**Work request**
From the first line of the listing below to the line with "- YB14L-A2 é", print each line exactly, and nothing more. Leave out the pictures.

**Data shown**
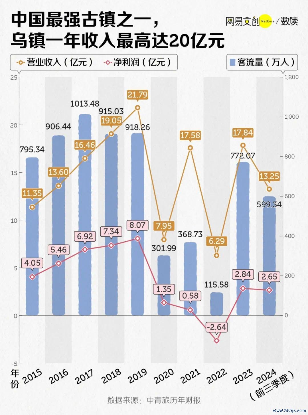 恶果,乌镇的这一改良,令其从一个名不见经传的浮浅小镇成了寰宇乃至世界级的不雅光小镇。2016 年到 2019 年,乌镇每年的客流量王人基本达到千万量级,最赢利的时辰,一年营收高达 21.79 亿元,净利 8.07 亿元 [13]。
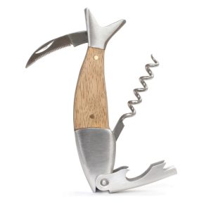 Cavatappi in acciaio inox resistente con taglierino e impugnatura in legno massello. Include: apribottiglie e tagliacapsule.
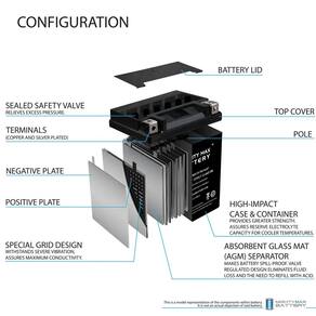 - YB14L-A2 é uma bateria de grafite-ácido selada (SLA) de 12V 12AH 210 amplificadores de arranque a frio (CCA) - Dimensões: 5,27 polegadas x 3,50 polegadas x 6,53 polegadas. Polaridade: positiva à direita, negativa à esquerda. A listagem é apenas para baterias e parafusos. Nenhum chicote de fios ou acessórios de montagem incluídos.
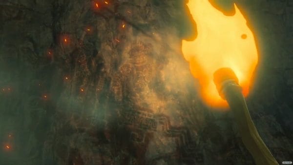 Los primeros segundos del tráiler son desconcertantes. Para empezar, nos encontramos con una gran espiral que emana diferentes caracteres del alfabeto Gerudo, que pudimos conocer en entregas como Ocarina of Time, Twilight Princess y Breath of the Wild. Esta conexión es bastante clara, pero la cosa va más allá cuando la luz que proviene de la antorcha de nuestros protagonistas nos enfoca diferentes pinturas en las paredes de lo que parece ser una especie de mazmorra subterránea o una catacumba. Estos dibujos nos muestran a lo que parece ser a Ganondorf a caballo, con su característico tridente visto en alguna que otra ocasión y detrás de él, aparecen otros dos personajes. Esto puede ser una referencia al final de Twilight Princess, donde Link y Zelda le hacen frente en la campiña de Hyrule montados sobre Epona.
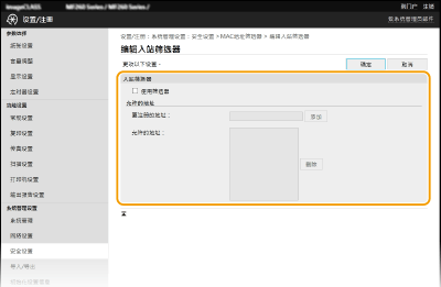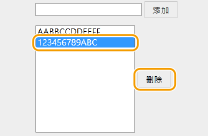 2 | 指定例外地址。 在 [要注册的地址] 文本框中输入 MAC 地址,然后单击 [添加]。 无需用连字符或冒号分隔地址。 ![]() 检查是否有输入错误 如果错误输入 MAC 地址,则可能无法从远程用户界面访问本机,此时需要将 <MAC地址筛选器> 设置为 <关闭>。<MAC地址筛选器> ![]() 从例外中删除 MAC 地址 选择一个 MAC 地址,然后单击 [删除]。 ![]() |
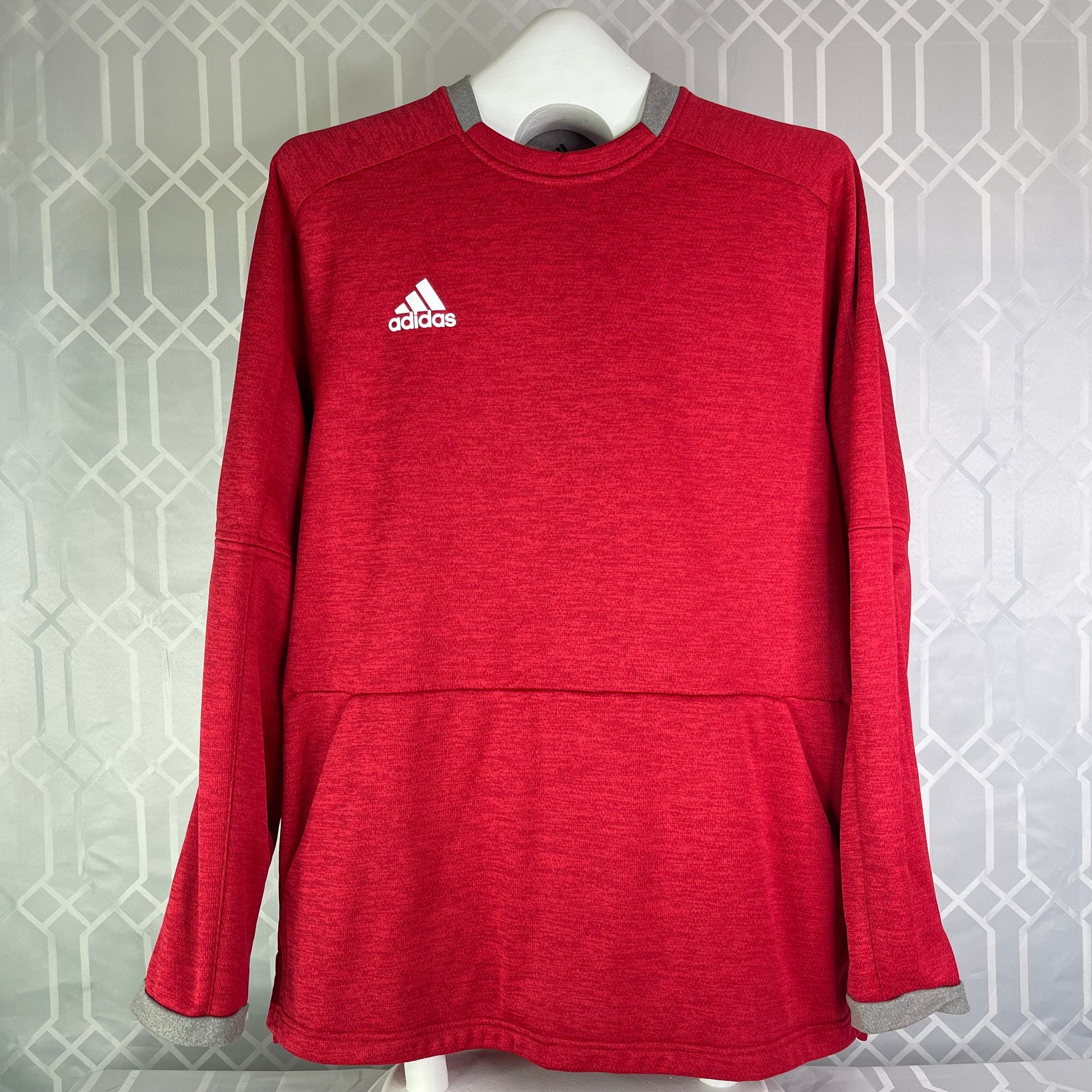 Adidas Men's Large L Baseball Dugout Fleece Pullover Sweatshirt Red Gray CY2057
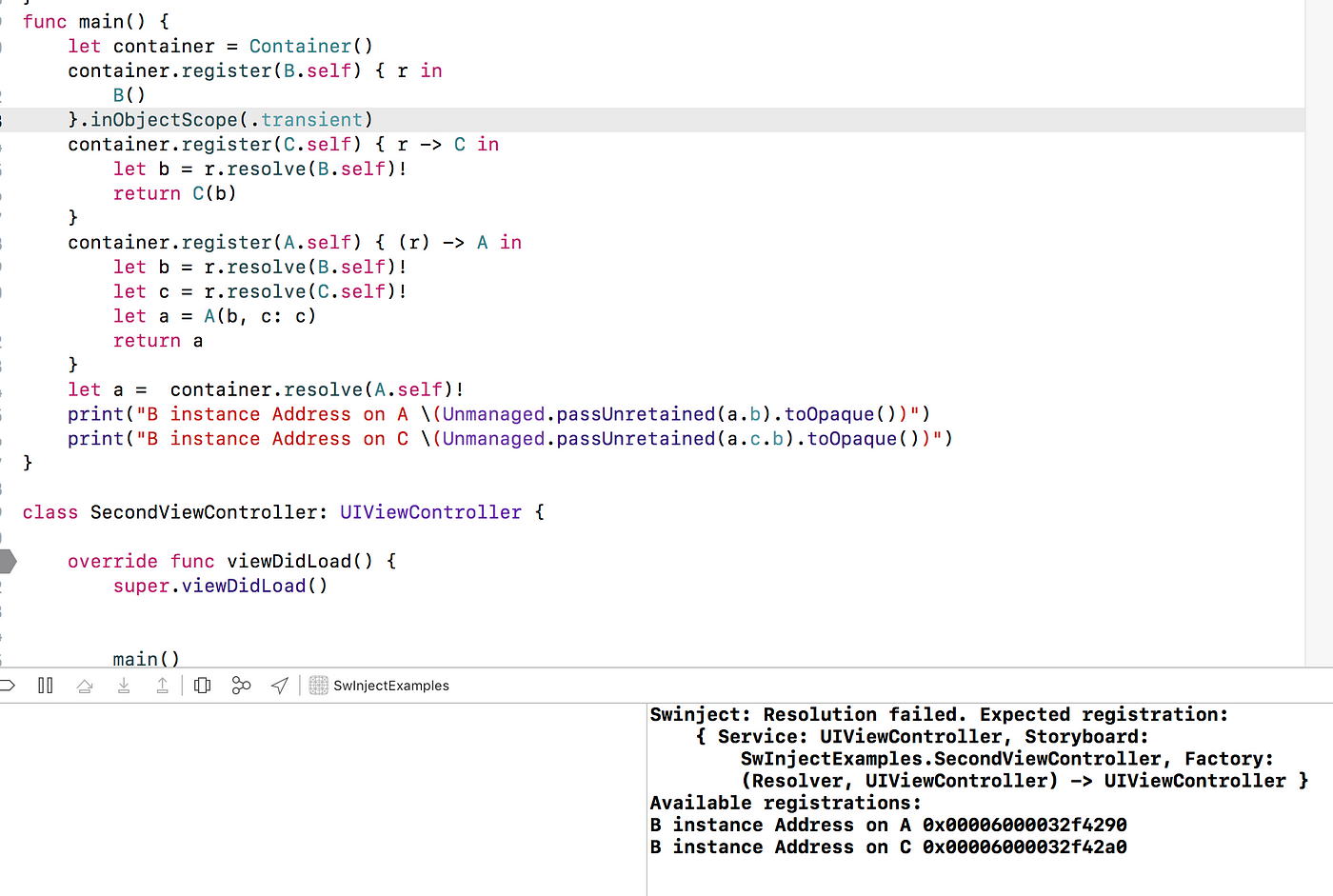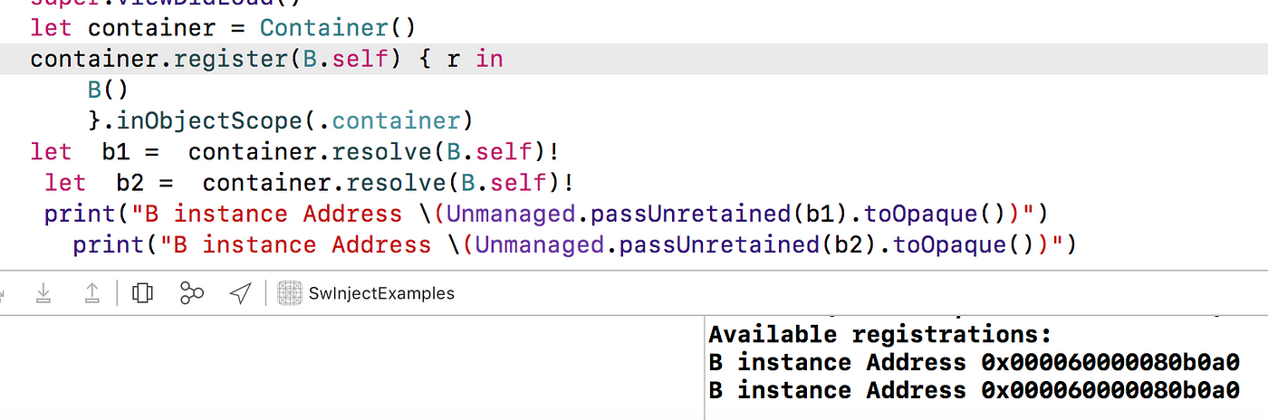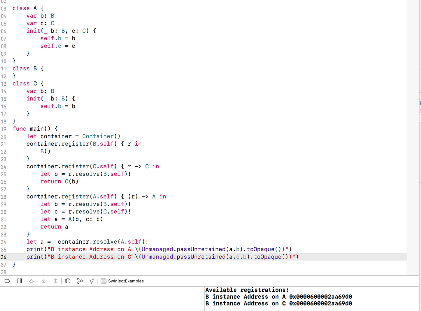 - C๋ฅผ resolve : ๋จผ์ , C์ ์์กดํ๊ณ ์๋ B๋ฅผ ํ์ธํ๋ค. ๊ทธ๋ฐ ๋ค์ ๊ณต์ ์ปจํ ์ด๋๋ฅผ ํ์ธํ์ฌ ์ฃผ์๊ฐ (0x0000600002aa69d0)์ธ B ์ธ์คํด์ค๋ฅผ ์ฐพ๋๋ค. ์ด B ์ธ์คํด์ค๋ฅผ C ์์ฑ์ ํ ๋นํ๊ณ C ๊ฐ์ฒด๋ฅผ ์์ฑํ๋ค.
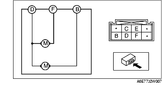 1. Appliquer la tension positive de la batterie aux bornes du rétroviseur extérieur électrique, et vérifier le fonctionnement du rétroviseur extérieur électrique.
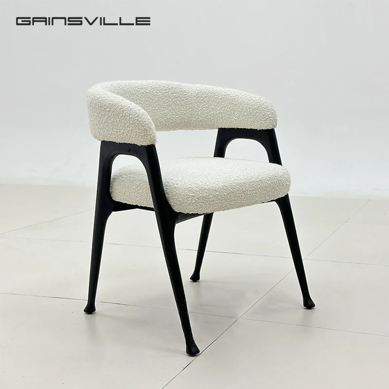Minimalist Bouclé Fabric Commercial Dining Chair with Solid Timber Legs
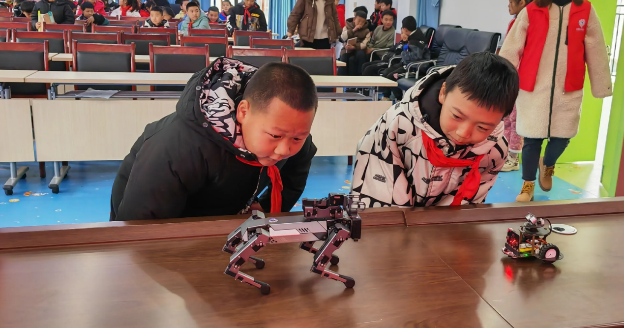 随后,老员工志愿者们展示了带来的各种机器人,有能做各种动作的机器狗,熟练进行搬运操作的桌面机械臂,还有3D打印等先进的机器人设备,并指导同学们亲自动手进行实践操作。同学们在实践中感受到了科技的无穷魅力,也激发了他们对科技创新的热情。
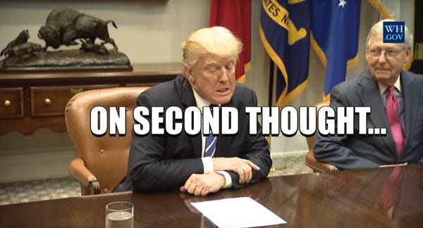 Trump is having second thoughts about sending all 800,000 of those poor Messicans kids back home with their free 'Murican ed-u-kayshunz, so he's issuing a six-month IOU if Congress doesn't get around to it.

**Solution below**
 恶果,乌镇的这一改良,令其从一个名不见经传的浮浅小镇成了寰宇乃至世界级的不雅光小镇。2016 年到 2019 年,乌镇每年的客流量王人基本达到千万量级,最赢利的时辰,一年营收高达 21.79 亿元,净利 8.07 亿元 [13]。
 Cavatappi in acciaio inox resistente con taglierino e impugnatura in legno massello. Include: apribottiglie e tagliacapsule.
 - YB14L-A2 é uma bateria de grafite-ácido selada (SLA) de 12V 12AH 210 amplificadores de arranque a frio (CCA) - Dimensões: 5,27 polegadas x 3,50 polegadas x 6,53 polegadas. Polaridade: positiva à direita, negativa à esquerda. A listagem é apenas para baterias e parafusos. Nenhum chicote de fios ou acessórios de montagem incluídos.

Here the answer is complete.